Starting at the line that contains "I made this", output each line exactly as written through the end of the listing below, but leave out the pictures.

[Start of section]

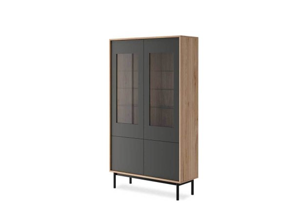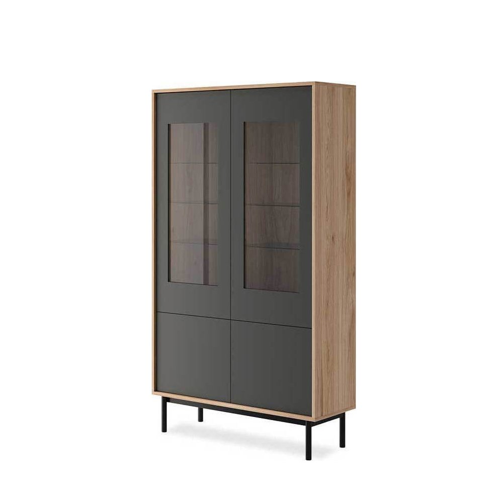 Βιτρίνα - βιβλιοθήκη Basic Pakoworld με τζάμι χρώμα φυσικό - μαύρο ματ
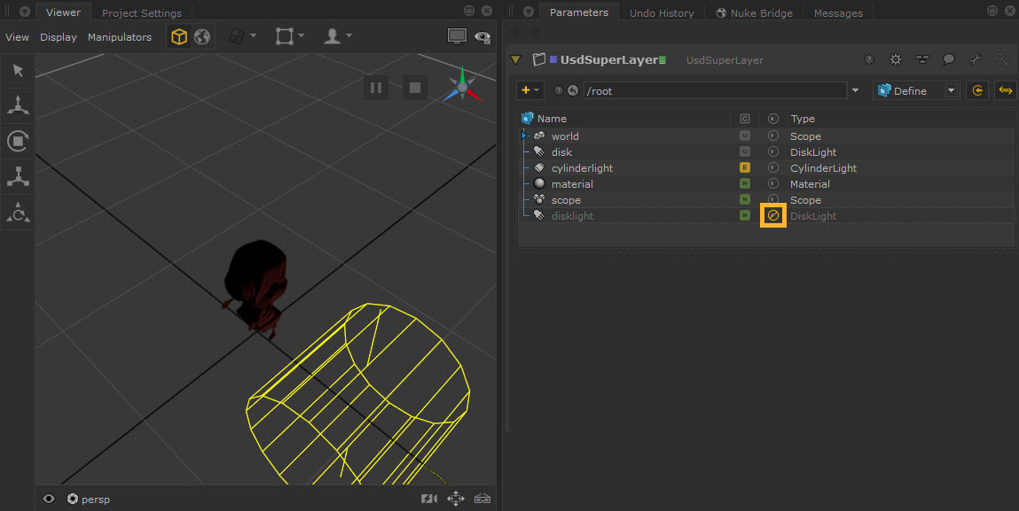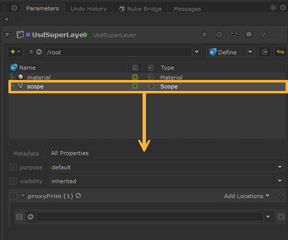 5.   When you select each prim in the UsdSuperLayer treeview, you’ll be able to view and edit its parameters in the panel beneath.
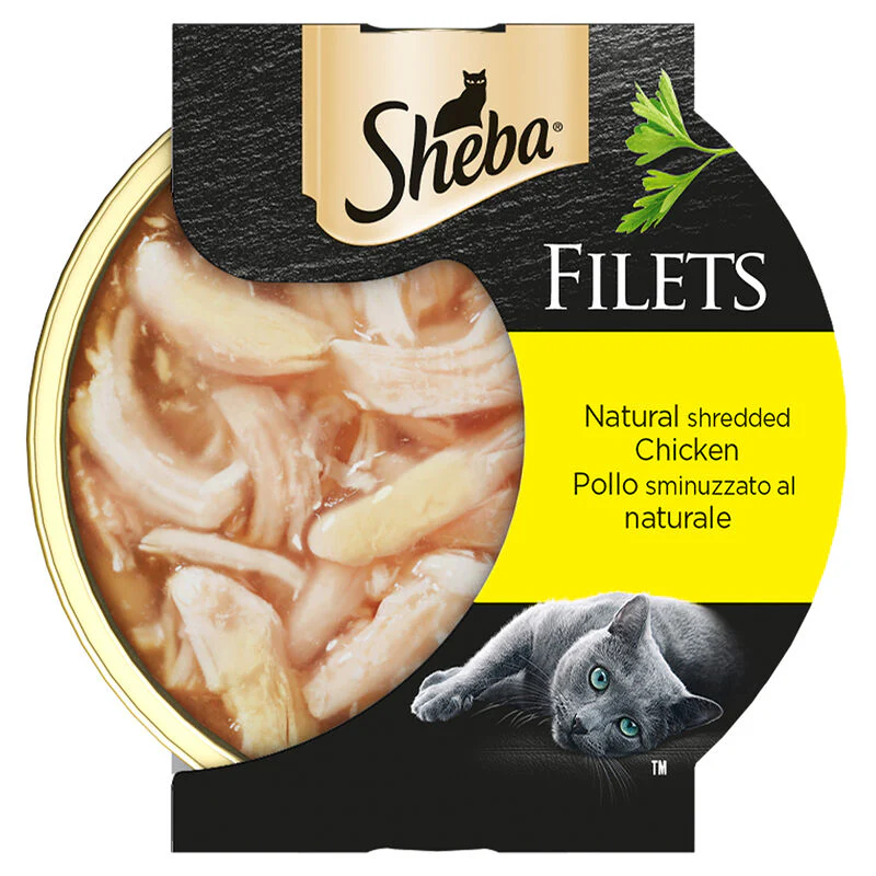 Sheba Filets รจ un esclusivo alimento umido complementare preparato con componenti di altissima qualitร ed รจ privo di coloranti, conservanti e aromi artificiali. Sheba Filets รจ a base di gustosi filettini di carne o pesce arricchiti dal loro sughetto di cottura, con il quale potrete viziare il vostro gatto.
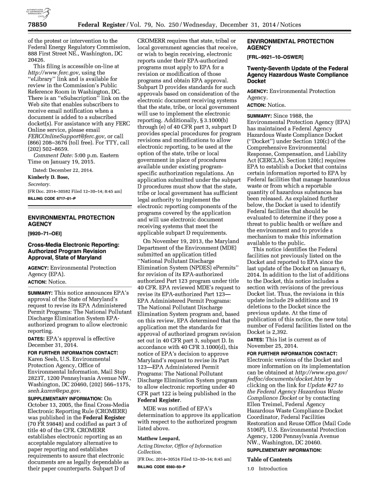 78850Federal Register / Vol. 79, No. 250 / Wednesday, December 31, 2014 / Notices of the protest or intervention to the
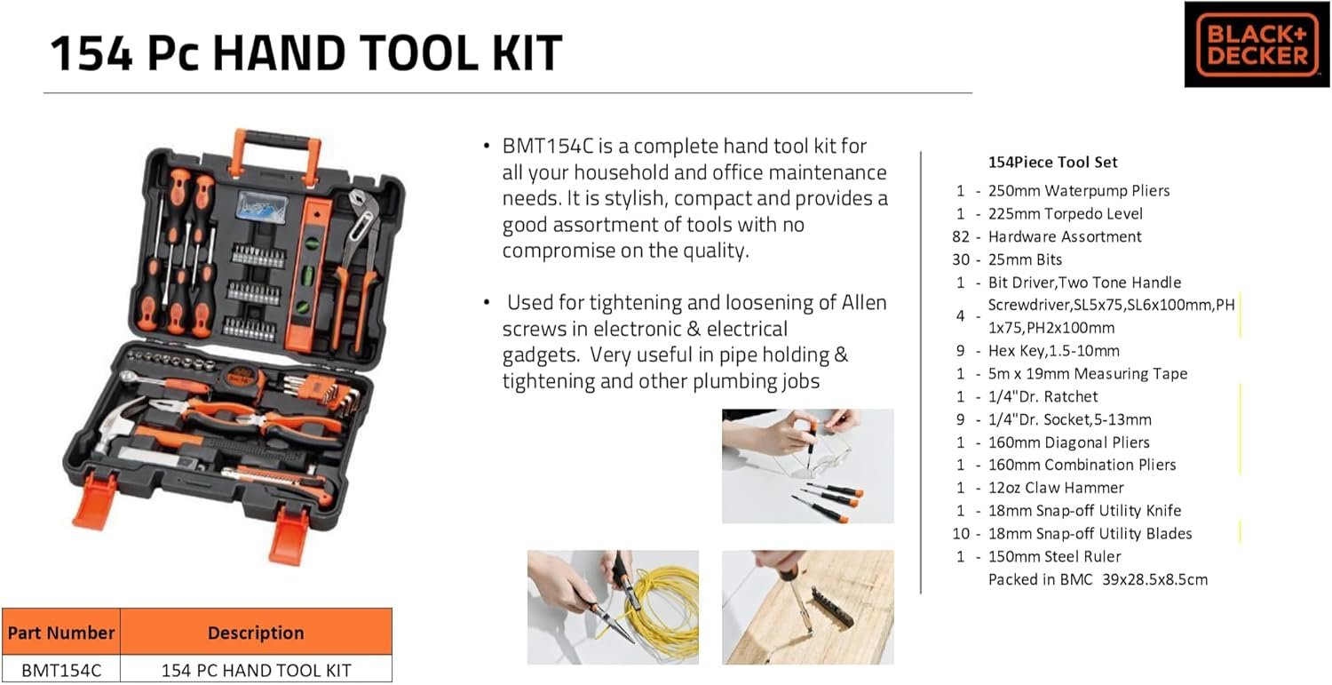 - BLACK+DECKER a pioneer in designing and manufacturing power and hand tools has come with a the best DIY tool kit for you. BLACK+DECKER BMT154C is a complete hand tool kit for all your household and office maintenance needs. It is stylish, compact and provides a good assortment of tools with no compromise on the quality.
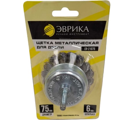 Отзыв Щетка для дрели ЭВРИКА 75мм, чашка со шпилькой 6мм, стальная проволока 0,5мм ER-21075
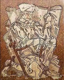 ![]() Detalle del monumento al capitán Tomás Sánchez de la Barrera por Pierre Bourdelle | ||
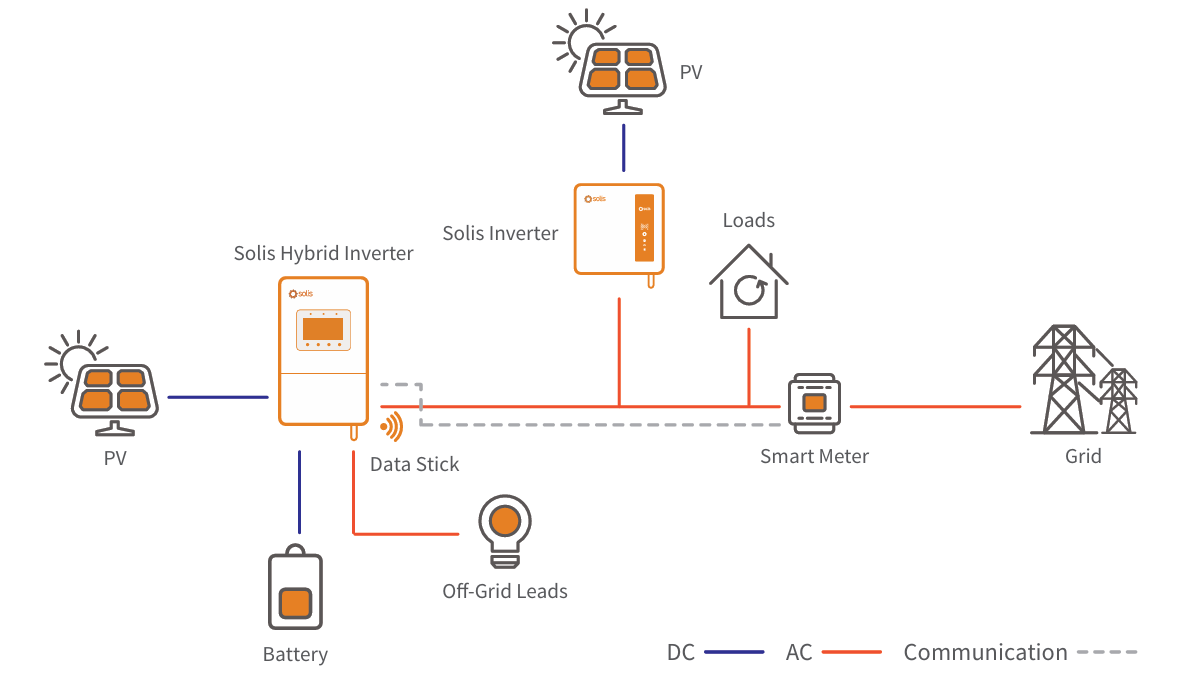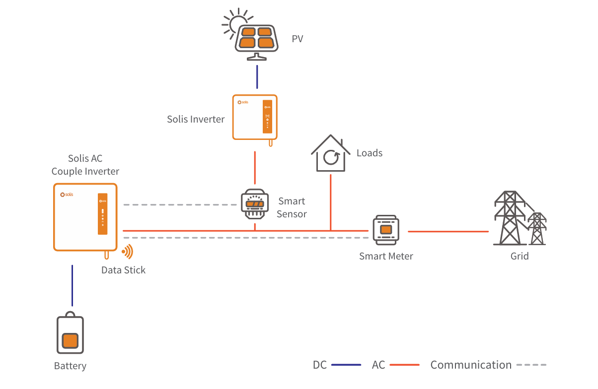 Neste cenário, o inversor Solis acoplado em AC carrega e descarrega a bateria com base nos dados do medidor inteligente.
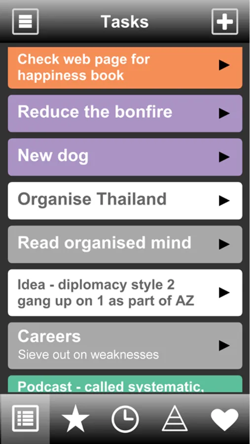 I made this app because none of the current apps did what I wanted. Very quick task entry, press one button to see the most urgent ones, another to see the most important. And if you have only a short time available, or want to do something fun, buttons for that. Then there's my magic formula which tells you what to do first, based on urgency importance size and fun factor!
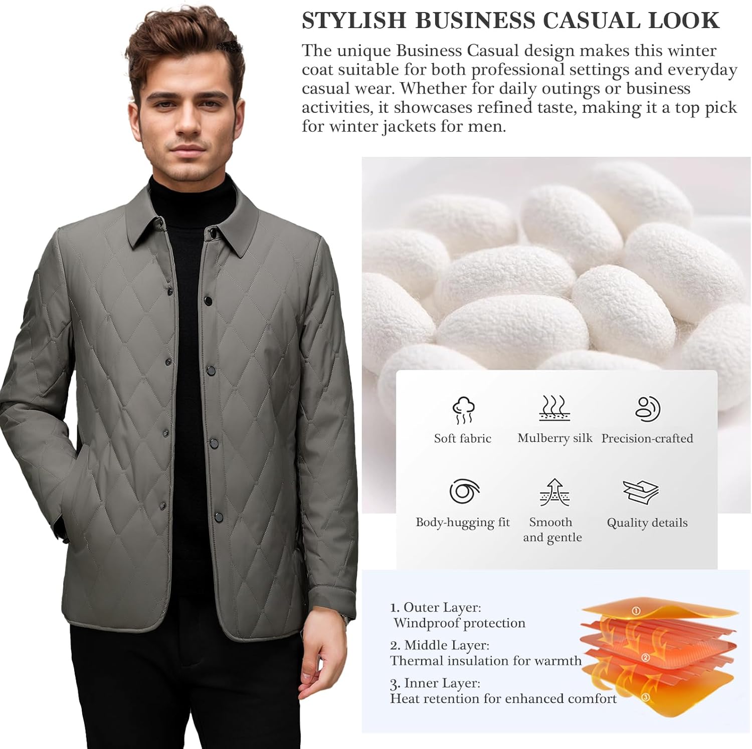 Mens Quilted Jacket Warm Silk Filled Winter Jacket Lightweight Fall Jackets Business Casual Windproof Coat for Men
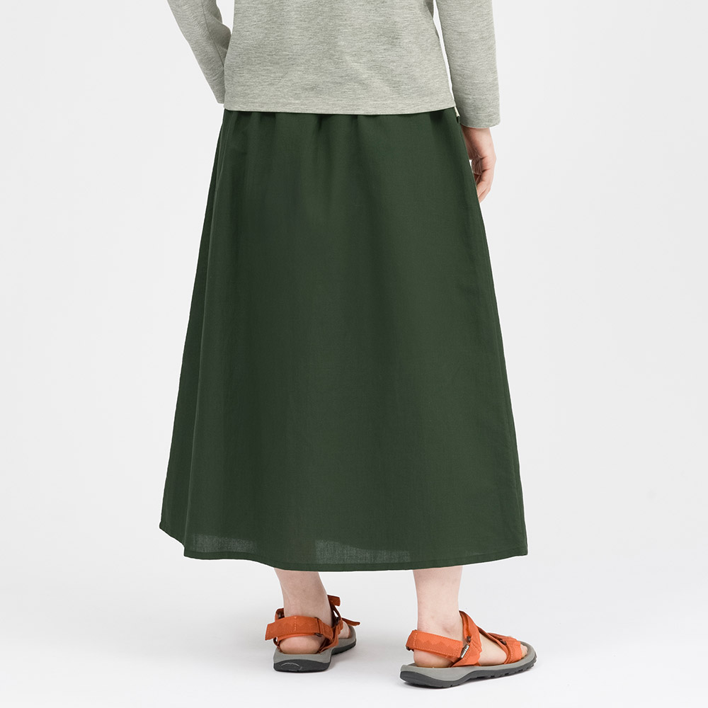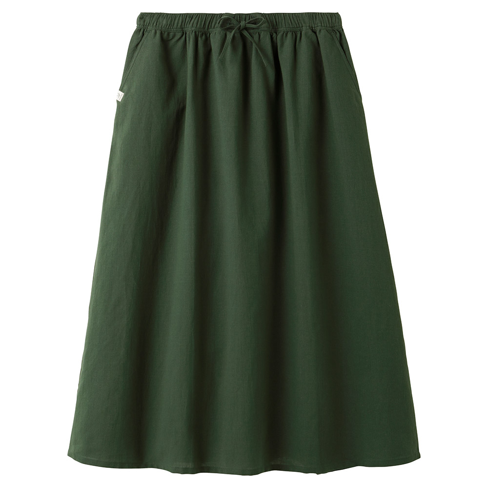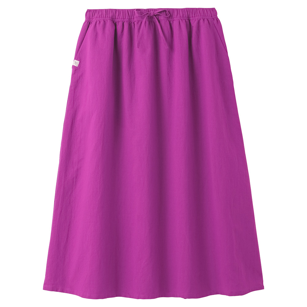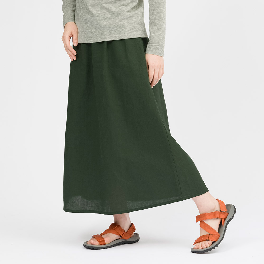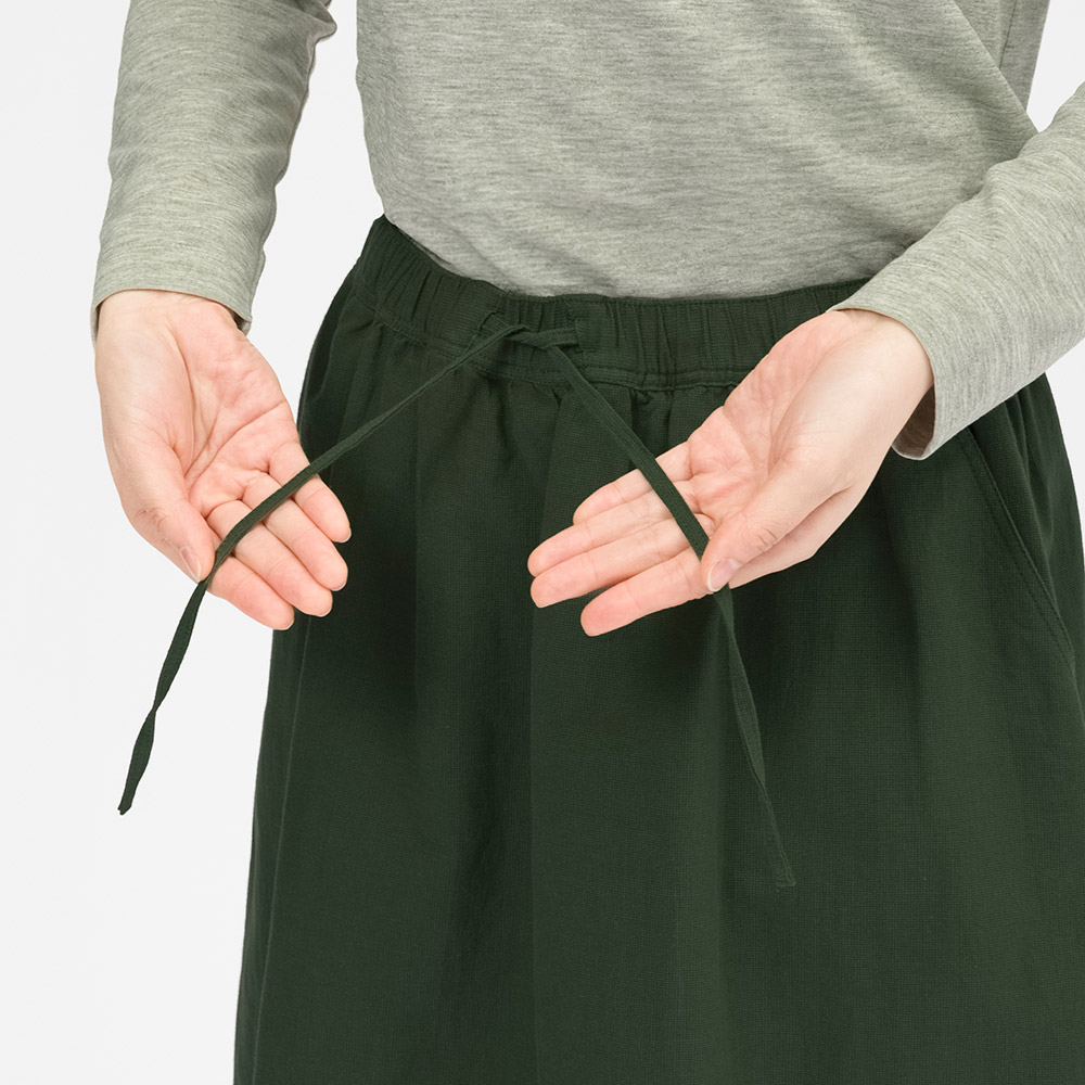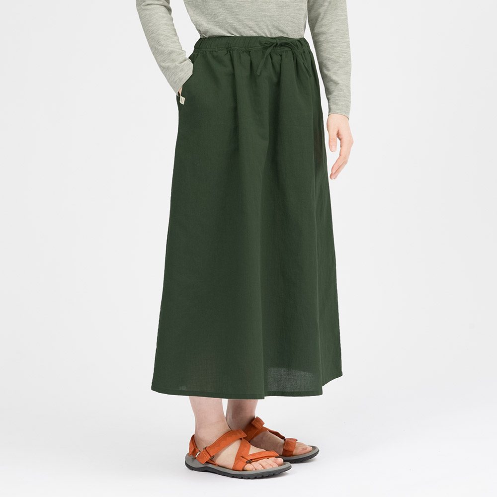 紙糸とコットンを組み合わせた清涼素材のスカートです。軽やかなはき心地で、旅先や日常でのリラックスウエアなどに適しています。
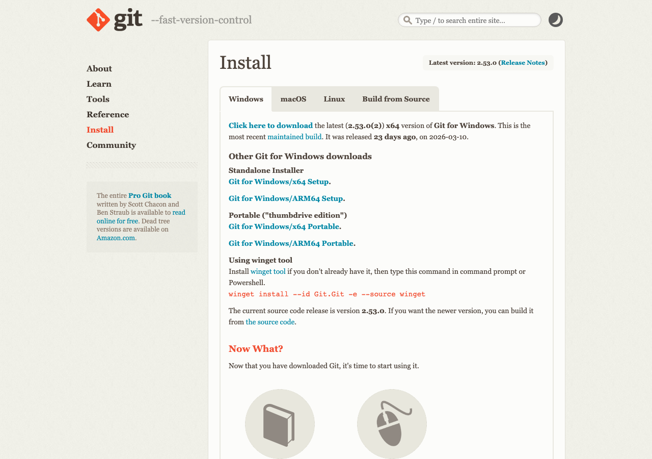 テキトー教師ハードウェアはRAM 4GB以上、インターネット接続も必須です。あと、WindowsだとGit for Windowsが必要という点が地味に重要で。
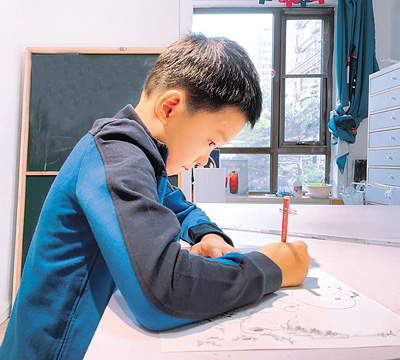 張正昊正在繪制“保護(hù)地球大家園”海報(bào)。

[End of section]

Task answer -
 I made this app because none of the current apps did what I wanted. Very quick task entry, press one button to see the most urgent ones, another to see the most important. And if you have only a short time available, or want to do something fun, buttons for that. Then there's my magic formula which tells you what to do first, based on urgency importance size and fun factor!
 Mens Quilted Jacket Warm Silk Filled Winter Jacket Lightweight Fall Jackets Business Casual Windproof Coat for Men
 紙糸とコットンを組み合わせた清涼素材のスカートです。軽やかなはき心地で、旅先や日常でのリラックスウエアなどに適しています。
 テキトー教師ハードウェアはRAM 4GB以上、インターネット接続も必須です。あと、WindowsだとGit for Windowsが必要という点が地味に重要で。
 張正昊正在繪制“保護(hù)地球大家園”海報(bào)。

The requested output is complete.